Why we shouldn’t try “Right to Try”

In Trump’s 2018 State of the Union, he urged Congress to pass the legislation euphemistically called “Right to Try” allowing terminal patients to take drugs or pursue experimental treatments in the early experimental stages. While this sounds like a great idea because no one wants to deny a patient hope, there are serious problems with the legislation as written.

Before I go into criticisms of the bill, let me say I am all for self-determination. Someone should be able to do with their body what they wish. So, prima facie, I support allowing patients (and others) to try whatever they want given they are able to make an informed decision.

BUT, this bill does not require doctors to warn the patients about the risks of taking a drug that has not yet been found to be effective. Indeed, though there is lip service to informed consent, it does the opposite. The bill waives all liability on the part of the manufacturers, distributors, or prescribing physicians. So a doctor can tell a patient that the patient has exhausted all available treatment options, the patient will die unless the patient wants to take this “promising new drug” that has just entered Phase II testing. In that scenario, many patients and their families will agree to do whatever they can to take this new drug or experimental treatment.

If the same patient were in the clinical studies, they would receive the treatment gratis. They would also be given a full rundown of the potential risks. They would be aware that 80% of drugs never make it past Phase II testing. That said, the “right to try” bill doesn’t put the patient in the clinical test group. So all the requirements that are needed for human testing do not apply. The patient would likely have to pay for the drugs/ treatment. This payment would come from the patient or the patient’s family’s assets as insurance isn’t going to cover something that has yet to be shown to be effective.

Some argue that the patient is terminal, so what is there to lose? There is everything to lose. The drug might hasten the patient’s death. It might destroy the quality of life for the life that patient has left. If someone told me that I had six months to live, I have options. I could go untreated, where most of that time I could interact with my loved ones, savor my favorite foods, listen to my favorite music, put my affairs in order, and live — even if for a short time. Or I could take a drug that most likely will not give me any more time, and could also make it so those six months are spent in excruciating pain. Given those options, I would opt for the time untreated. When one has a limited amount of time left and knows it, making any of that limited time more painful is a very serious loss.

Again, if people are fully informed of the risks, I think they should be able to do whatever they wish with their bodies. If they want to take an experimental drug, fine. If they want to try alternative treatments, fine. If they want to partake in marijuana, fine. If they want to end their life, that should be fine too. Ironically, on the last two points, the administration vehemently opposes individual choice in these matters — so their commitment to the “right to try” has nothing to do with the liberty to do what one wishes with one’s body.

As written, this bill allows medical providers to give patients false hope and sell an untested regimen without any requirements that the provider make sure that the patient truly understands the gravity of the decision before them. Now, there will be many medical professionals who will do their best to inform the patients even without that requirement. And there will be others who in their capacity as medical professionals are loathe to give up and will, without intentional malice, focus more on potential benefits and downplay the risks involved in an untested treatment. The enthusiasm of providers in this category, even if they say that the drug is not yet been shown to be effective, can preclude a truly informed decision since the patient is not made fully aware of the risks involved.

It should be noted that the FDA already has a process in place for expanded access to allow patients to get treatments that are still in the testing phases. The FDA approves 99% of the requests it receives. But when the FDA is involved (unlike this legislation) not only are patients more formally informed, but they are kept abreast of changes that might be recommended during a trial (say dosage changes).

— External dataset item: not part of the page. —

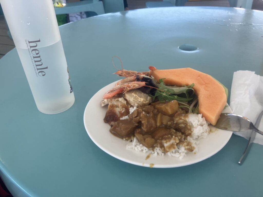 船の上で、ビュッフェ、カレーでした。ここでしっかり食べときます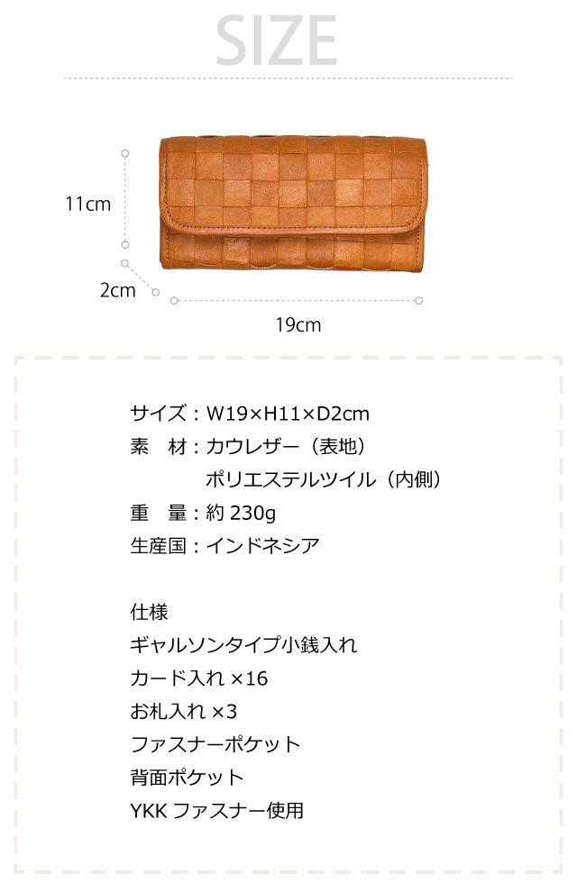 ![]() ![]() ![]() ![]() ![]() ![]() ![]() ![]() ![]() zucchero ズッケロ ナチュラルな風合いを大切にした大容量収納の長財布。素朴な匂いや革本来の色の濃淡が、使い込む程に味わい深く変化し、持つ人に馴染みます。 ひと目で本革とわかるナチュラルな風合いや、くったり柔らかく表情豊かになる本牛革ならではの経年変化をお楽しみ下さい。 飽きのこないベーシックなデザインで年齢問わず使いやすい仕様に。 収納スペースやカードポケットが豊富で大容量収納出来ます。 見た目の可愛さだけではなく、機能性にもこだわり仕上げました。 自分へのご褒美としてはもちろん、贈り物としても喜ばれる長財布です。

Finally, the patient’s outcomes are reported back to the FDA. With the “right to try” legislation, however, the FDA cannot use any adverse outcomes of patients “trying” the untested drugs in evaluating the treatment. So, even if every patient taking something under the “right to try” legislation immediately dies; the FDA cannot account for those deaths when determining whether or not to approve the drug. Prescribing doctors will not be informed of the complications experienced by patients other than those they see themselves. Now it could be that those in the “right to try” group have other complications beyond those in the Phase II trials; but if the patients are willing to risk their remaining days on an untested treatment, the results of their experiences should be considered so future patients can make informed decisions as well.

In conclusion, while I firmly believe that a person should be able to make their own medical decisions — including bad medical decisions — I believe that these decisions should be without coercion and with full knowledge of the risks and benefits. Without these safeguards in place (and the “no liability” clause precludes these safeguards), we should not try the so called “right to try”.